Uma jornada gradativa

O Transtorno de Estresse Agudo (TEA) , que ocorre no mês inicial após a exposição ao evento traumático – seria um dos elementos preditores do TEPT. Para se caracterizar o TEA, o paciente deve apresentar ao menos três sintomas dissociativos durante a ocorrência traumática ou logo após: consciência reduzida, amnésia dissociativa, desrealização, despersonalização e entorpecimento.  Cada pessoa em situação de TEPT necessita de uma atenção cuidadosa, pois suas reações têm a ver com a sua história, sua capacidade de lidar com sentimentos e emoções, o impacto que a experiência teve em sua vida e a qualidade de suas experiências a partir do trauma.

Uma das teorias que fundamenta a maioria dos modelos cognitivos de TEPT é a de que a emoção extrema que é sentida durante o trauma levaria a uma desorganizada representação mnêmica do fato; além disso, estudos comprovam que pessoas com TEPT costumam distorcer a memória traumática potencializando desta forma o caráter catastrófico do ocorrido. O esmaecimento de uma lembrança depende de alguns fatores. Um deles é o tipo de reação que se teve. Entende-se por “reação” toda a classe de reflexos voluntários e involuntários, onde os afetos serão descarregados. Porém, quando a reação é reprimida, o afeto tende a ficar vinculado à lembrança.
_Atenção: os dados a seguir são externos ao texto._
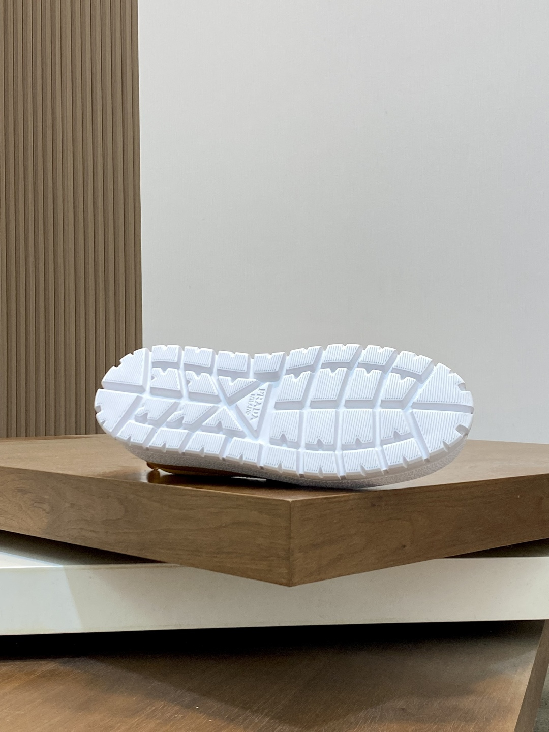 这款鞋子是AAAAA 1:1 质量 (非常棒). 使用了和原版一模一样的材料. 商标部分也保持了和普拉达/Prada一样. 图片拍摄是实物鞋子拍摄, 您所收到的实物保证和我们图片一模一样.
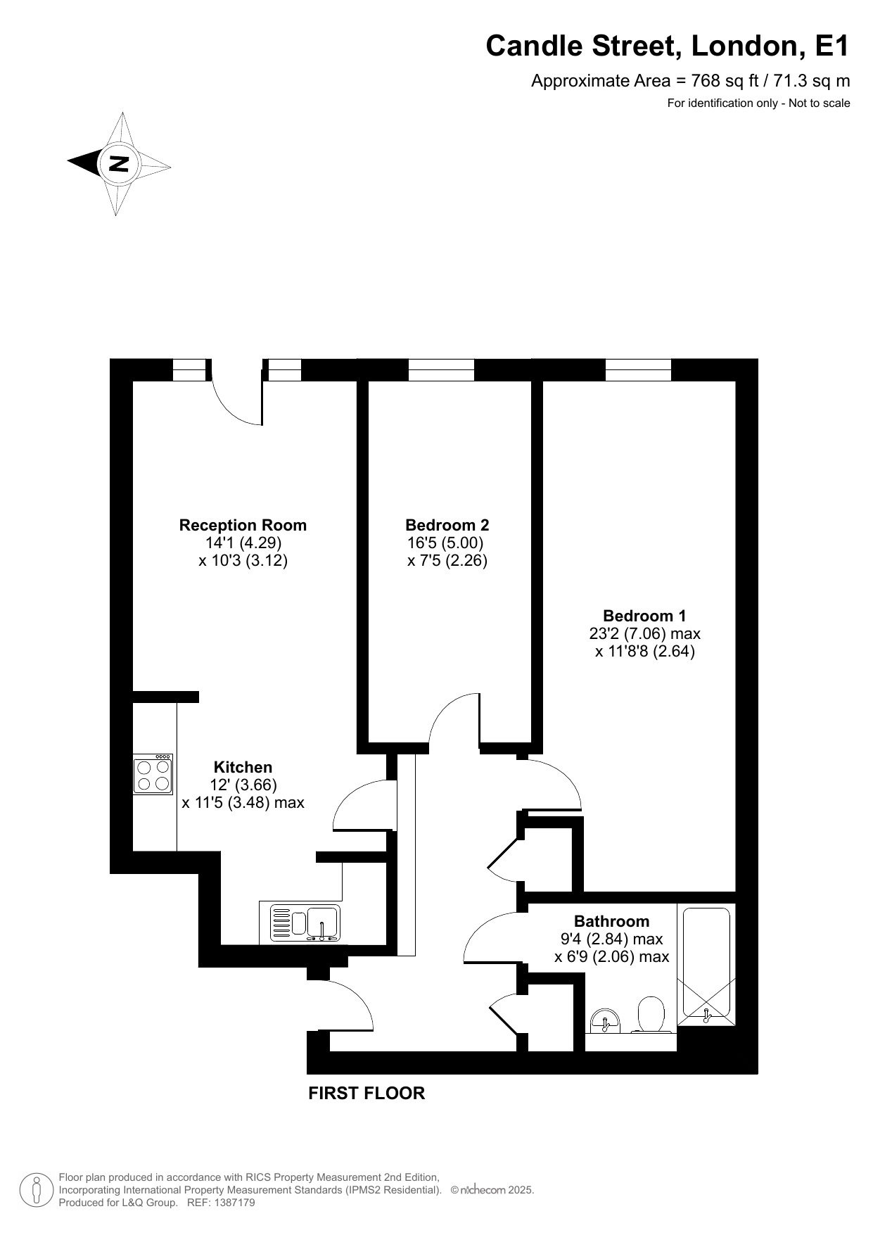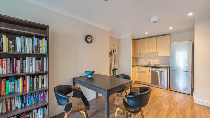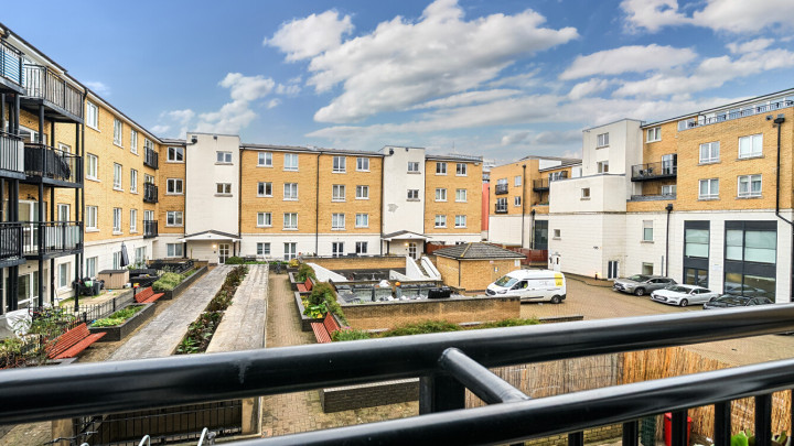 Enter this two bedroom east facing apartment via a hallway with storage. A well proportioned open plan reception room has a door leading to a juliette balcony. The kitchen is fitted with a range of Beech wall and base units and includes an integrated oven, hob and extractor. The generous main bedroom gives ample space for a home office or alternatively use the second double room as an office. A recently renovated Metro-tiled bathroom completes the accommodation.
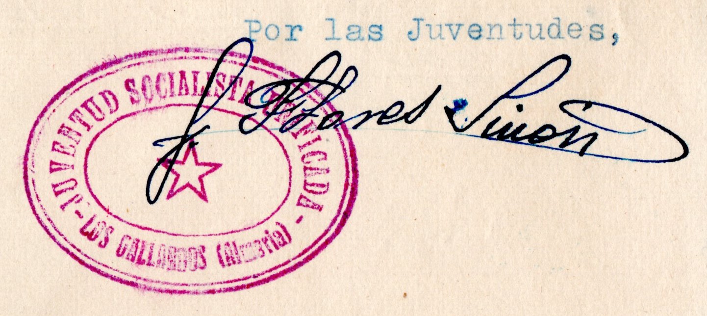 Sorprende la cantidad y variedad de sindicatos y organizaciones en Los Gallardos, y por ellos empezamos. En esta un sello de la Juventud Socialista Unificada, decorado con una simple estrella.
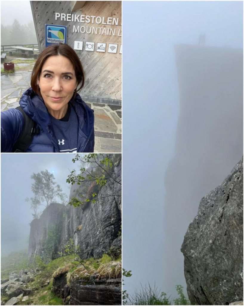 Kronprinsesse Mary av Danmark besøkte Preikestolen utenfor Stavanger torsdag. Besøket var preget av tåke på platået, men kronprinsesse Mary satte likevel pris på turen. Foto: Kronprinsesse Mary av Danmark / NTB
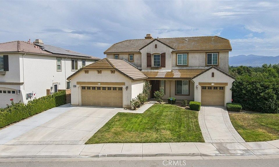 Location, location, location! This 5-bedroom and 4-full bathroom home with an open loft is located in the highly sought-after Brookdale Terrace Community. A very rare home in Eastvale with a combination of city lights view, 9,000+ sq.ft. of lot and located in a cul de sac. If you’re looking for a home with privacy, no adjacent homes in the rear and side view, no HOA, 92880 Zip Code then your search ends here. The entryway features a cathedral ceiling, lots of natural lighting with dual entry stair access. This home has its own formal living room, formal dining room, dry bar, family room, multi closet storage space, laundry room and spacious kitchen all openly laid out on the main floor. The family room offers a bright and open layout that faces the kitchen. The upgraded kitchen has granite countertops, lots of cabinet space, dual stainless steel oven, stainless steel dishwasher, microwave, gas stove top, and a kitchen island with a bar top eating area. The family room and kitchen brings in a lot of natural light from the open view of the backyard, Eastvale Trail and city lights. This home has many upgrades such as crown moldings, ceiling fans, extra padded carpet, mirrored closet doors, multi walk-in closets, dual air conditioner, fireplace, wired ethernet connection throughout, dual paned windows, recessed lighting and wired exterior camera system. There’s a one bedroom and a full bathroom also located on the main floor. In the second floor, you will see the bright and airy loft with a lot of natural lighting. The second bedroom has its own full bathroom, walk-in closet, crown molding and recessed lighting and a view of the city lights. The third and fourth bedrooms feature a walk-in closet, a mirrored closet, and both ceiling fans. The master bedroom has its own private master bath with tub, walk-in shower, separate toilet room, dual sink and walk-in closet. Both the master bedroom and bathroom also have an open city lights view that brings in natural light. The fourth full bathroom also includes a dual sink and a separate toilet and bathtub and shower combo. This home features a 3-car garage with two separate driveway and entrance to the house. The main garage also has built-in storage ceiling racks. The spacious side and backyard offers plenty of private space for your entertainment and ready for your design and imagination. Come and see this one of the few homes in Eastvale (92880) that is located alongside Eastvale Trail.
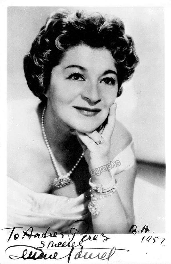 Russian-born American mezzo (1900-1973), signed photo, shown as herself. Inscribed and dated in 1957. Stamped on verso by Carmen Reproducciones photography studio. Size is 4.6 x 6.9 inches with some bending on corners but otherwise in very good condition.
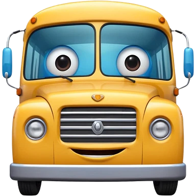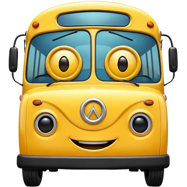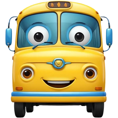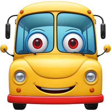 Front view of a bus with a cheerful smiling face, expressive eyes integrated into the windshield, glossy 3D animation style, Pixar-inspired, vibrant colors, soft shadows, cinematic lighting, ultra detailed, 4k render emoji
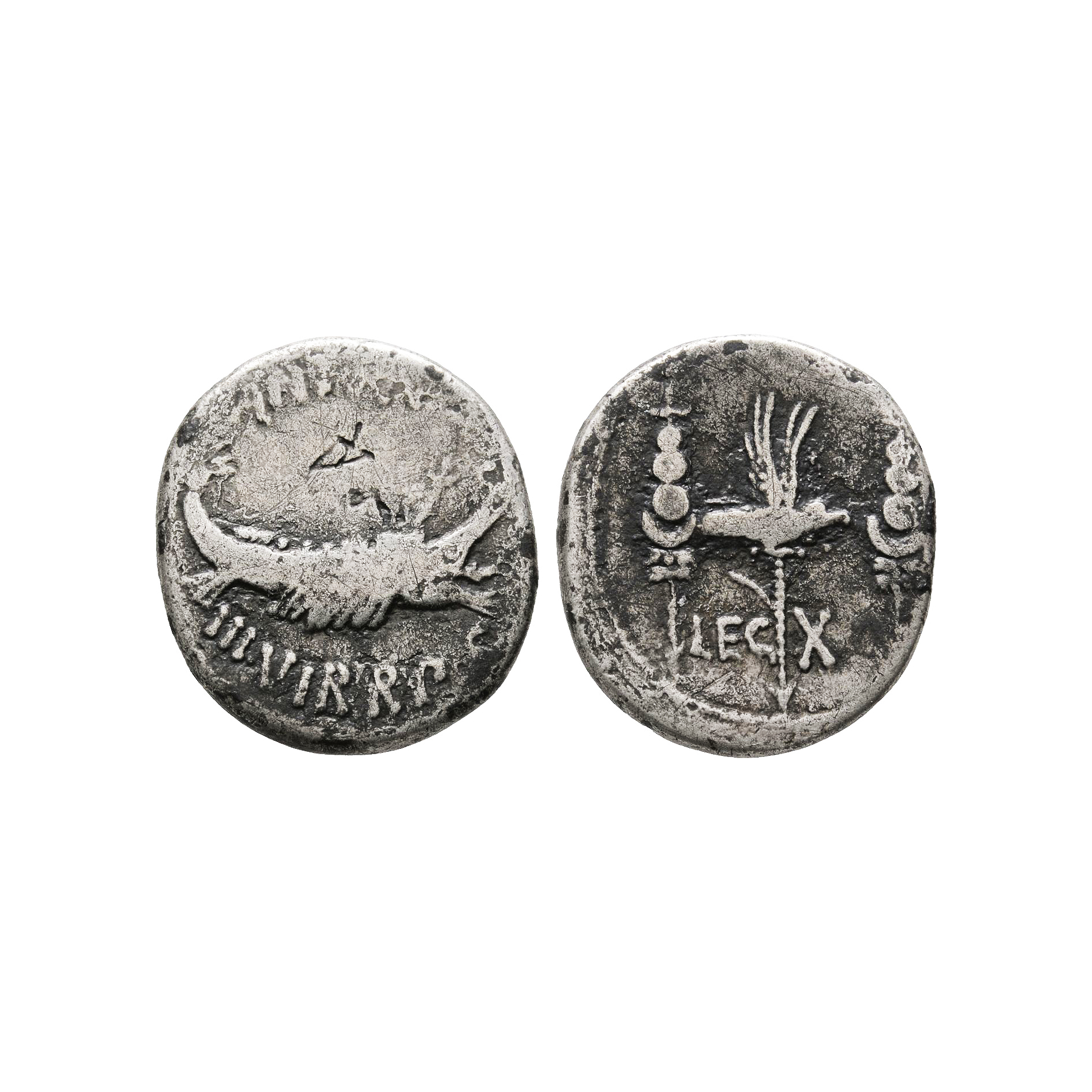 Ancient Roman Imperatorial Coins - Mark Antony - Legion X - Galley AR Denarius 32-31 B.C.

De acordo com as teorias cognitivas, as memórias intrusivas referentes a um trauma têm sua origem na forma como a informação é processada durante o evento. 

A dissociação

A dissociação, caracterizada por um processamento superficial do trauma durante e após o evento traumático – contribuiria para o desenvolvimento e manutenção do transtorno. Para muitos pacientes, a tendência à dissociação seria um padrão, uma habilidade para segregar certos pensamentos e emoções. Seria a dissociação, a última defesa do cérebro. A ênfase dada aos sintomas dissociativos se dá justamente ao fato de que reações que minimizam a memória traumática dificultam o processamento e a consequente elaboração do evento, levando a uma maior demora na recuperação. 

E MAIS…

Mulheres apresentam sintomas mais severos de TEPT

De acordo com alguns estudos, as mulheres apresentam sintomas mais severos de TEPT do que os homens. A razão disso não é clara. O que os autores sugerem é que nas mulheres há um maior índice de abuso sexual tanto na infância como na vida adulta e que este fato as deixaria mais vulneráveis ao TEPT.

Estudos com pessoas que sofreram acidentes automobilísticos mostram que estas, assim como as que passaram por outros tipos de eventos traumáticos, teriam os mesmos fatores de vulnerabilidade ao TEPT, tais como: trauma anterior, dissociação peritraumática e, após o trauma, a falta de suporte social.